Development of a model to predict the impact of sediments on microbial irrigation water quality

Microbial contamination of surface water is a complex dynamic and influenced by many interacting factors (e.g. runoff into streams from rainfall). Sediments at the bottom of waterways have been show to harbor 10 to 10,000 more fecal bacteria than surface waters, and when re-suspended may cause large increases in the over laying water resulting in increased risks of exposure to disease causing microorganisms. However, their significance in manmade canals is unknown. The goal of this project is to determine under what conditions bacteria and viruses could re-suspended from sediments found in manmade irrigation canals and to identify potential “hotspots” of accumulation of microbes in the canals. This information can then be used to design sampling strategies and irrigation events to minimize exposure of pathogens to crops.

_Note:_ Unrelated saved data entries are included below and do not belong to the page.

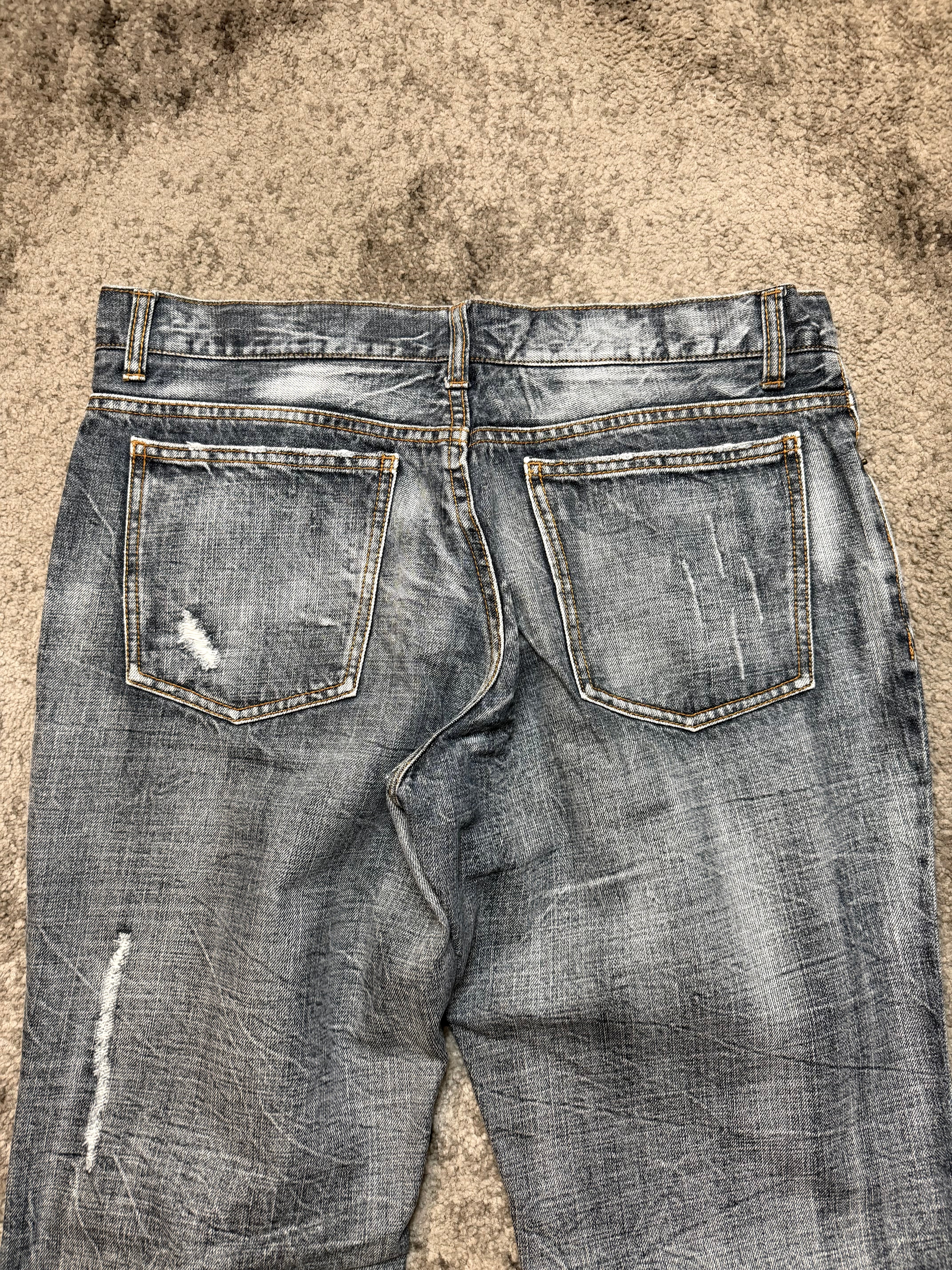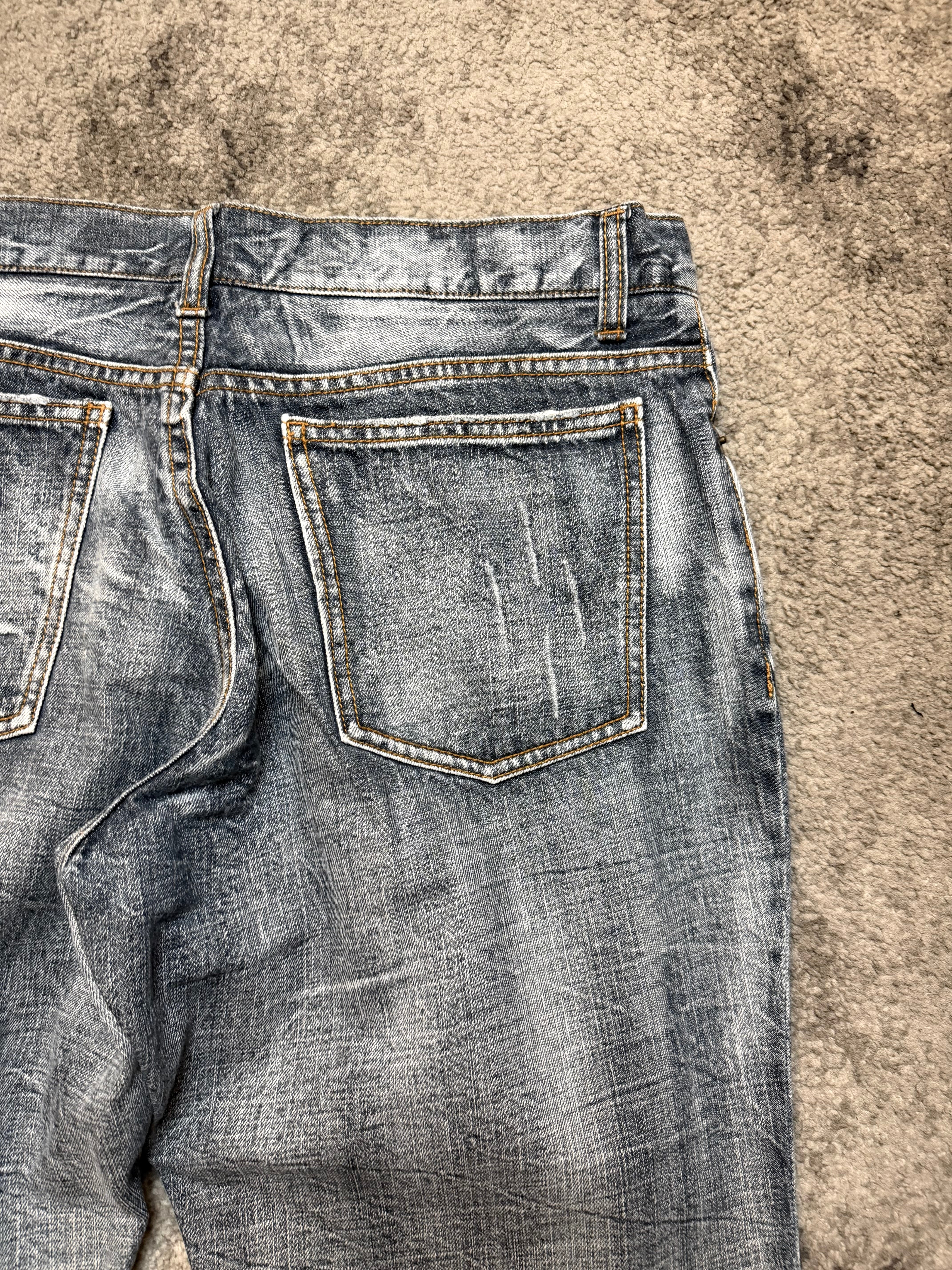 These aren’t just washed denims – they feel like a memory pulled straight from early-2000s Tokyo streets, where host boys, night riders, and Number (N)ine kids drifted through neon fog.
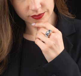 DIAMOND AND SAPPHIRE RING IN 18KT TWO TONE GOLD
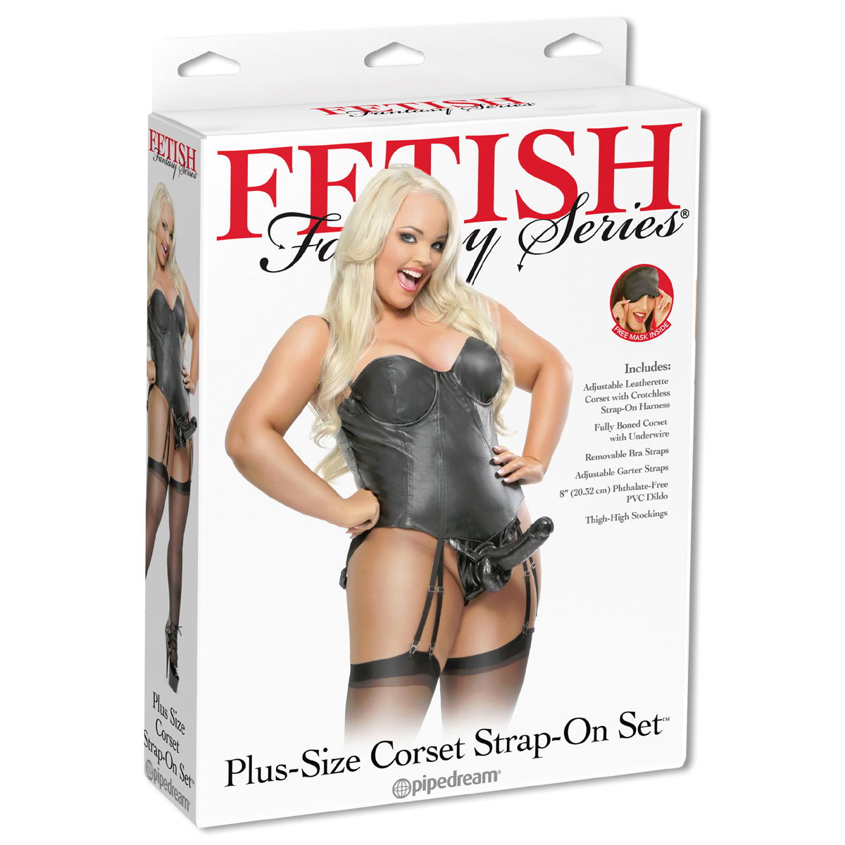 Корсет со страпоном для пышнотелых красоток. Виниловый корсет регулируется в бретелях и за счет шнуровки на спине, его черный цвет подчеркивает откровенную сексуальность своей обладательницы. Конечно же, страпон обладает особым креплением для эрегированного большого черного фаллоимитатора с мошонкой в тон всему наряду (может использоваться как автономный девайс). Этот корсет со страпоном сделает секс еще желаннее и ярче. Новые игры, обмен ролями и скучная рутина превратится в сногсшибательное сексуальное приключение. Страпон поставляется вместе с подарком – маской для глаз для особой яркости тактильных ощущений. черный Q (XL-XXL)
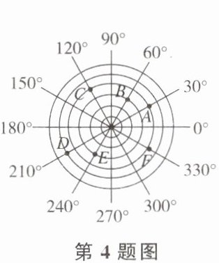 4. 下左图是雷达探测到的6个目标,若目标B用(30,60°)表示,目标F用(40,330°)表示,则表示为(50,210°)的目标是(
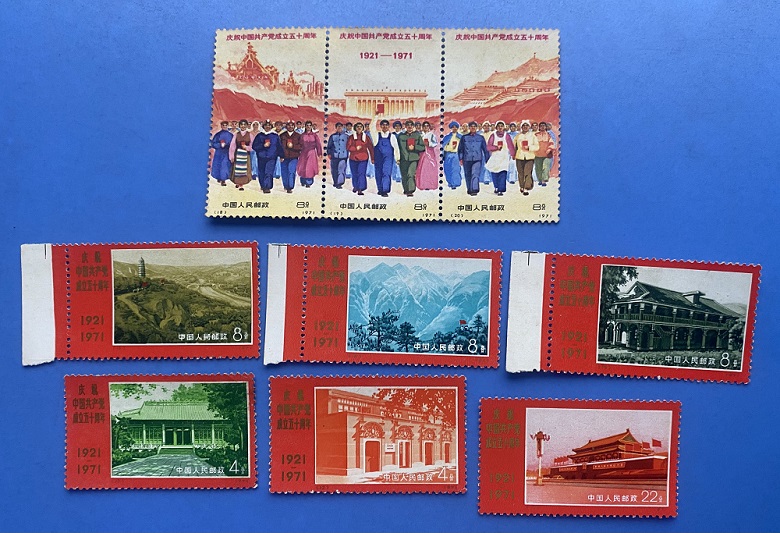 工艺色标双连(10分无色标,50分角人轻折,微黄)150元;
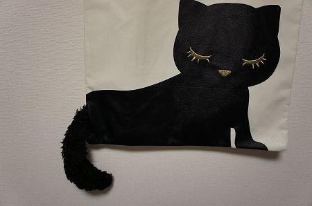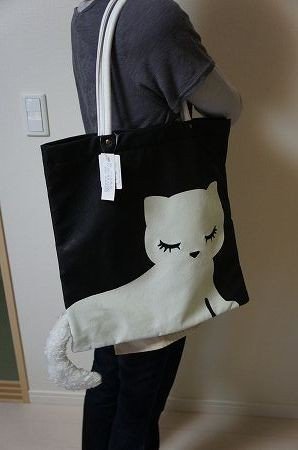 Osumashi Pooh Chan Black Cat Pooh Chan Flat Big Tote Bag with Cat Tail Pink P11096

Our recent work on the occurrence of Salmonella and Escherichia coli in irrigation canals in Southern Arizona have shown that these bacteria occur in concentrations ten times greater in the sediment than the overlaying water. In addition, other pathogens, such as Listeria monocytogenes and human pathogenic enteric viruses occur in aquatic sediments. We believe that this reservoir can be a significant source of foodborne pathogens. For the first time, we propose to develop an integrated model that could form the basis of managing this threat to food crops and microbial water quality in surface waters. The overall goal is to develop a baseline of data to determine how sediment, pathogens, and flow properties affects the quality of irrigation water. This will be accomplished through both laboratory experimental studies and field investigations. In the laboratory, a series of experiments will be conducted in a flume to identify flow and sediment conditions which would result in the resuspension of sediment-bound bacteria/viruses in irrigation channels, quantifying the impact of re-suspension of different levels of bacteria/viruses in overlaying water, and suggesting possible guidelines for the occurrence of indicator bacteria and pathogens in the sediments of irrigation channels. Previous work has been limited to only two sediment types and one enteric bacterium and bacterial virus. Because of the wide variety of the structural/surface chemistry properties of bacteria and viruses, varying types of viruses and bacteria need to be studied to develop a more practical model of their behavior in sediments. Increasing evidence suggests that waters used in the irrigation of produce are a significant source of the pathogens responsible for many illnesses, such as diarrhea, hepatitis, listeriosis, etc. Arizona ranks third nationally in the production of fresh produce and second in the production of lettuce, broccoli, spinach, and melons. Farmers in Arizona and California account for approximately 98% of the commercial domestic output of lettuce. All of California and Arizona’s produce is grown by irrigated agriculture. Thus, the microbial quality of irrigation waters is a key issue.

1. Identify factors which would result in the re-suspension of sediment-bound bacteria/viruses in irrigation channels (i.e., rainfall events, wind), specifically E. coli, L. monocytogenes, MS2 virus and phiX174 virus (also used as a surrogate for enteric viral pathogens). 2. Quantify the impact of resuspension of different levels of these bacteria and viruses on the quality of the overlaying water. 3. Suggest guidelines for growers/producers to minimize the occurrence of pathogenic bacteria and viruses in the irrigation water.

1. Virus resuspension from sediment was found to vary with the type of virus. Thus, foodborne viruses, such as norovirus and hepatitis A virus, may have different potentials for contaminating the overlaying water. 2. Models were developed to predict the resuspension of viruses, E. coli and L. monocytogenes based on microorganism type, sediment type, flow rate, velocity, and shear stress. These models can be used to predict the impact of these microorganisms in sediment in the overlaying water under varied operational conditions during irrigation events. 3. Data collected in field studies was analyzed using machine learning and it was found that E. coli in the sediments influences the quality of the irrigation water in canal systems if the standard is 126 E. coli /100 ml. 4. No L. monocytogenes was detected in the sediments or water of irrigation canals in Arizona, and do not appear to be a source in this region. 5. The highest concentrations of E. coli in sediments were found in those of splitter boxes (diversion boxes), and these could potentially be reservoirs of E. coli in irrigation systems. These concentrations were 10 to >1,000 times greater than those found in canal sediments. Splitter boxes should be studied to determine their impact on irrigation water quality. 6. Sediments collected repeatedly from some locations always had high concentrations of E. coli. These may be point sources of E. coli contamination of the overlaying water. Studies should be conducted to determine why these locations always have high levels of E. coli in the sediment. E. coli in the sediment could be an indicator of long-term E. coli concentrations in the water.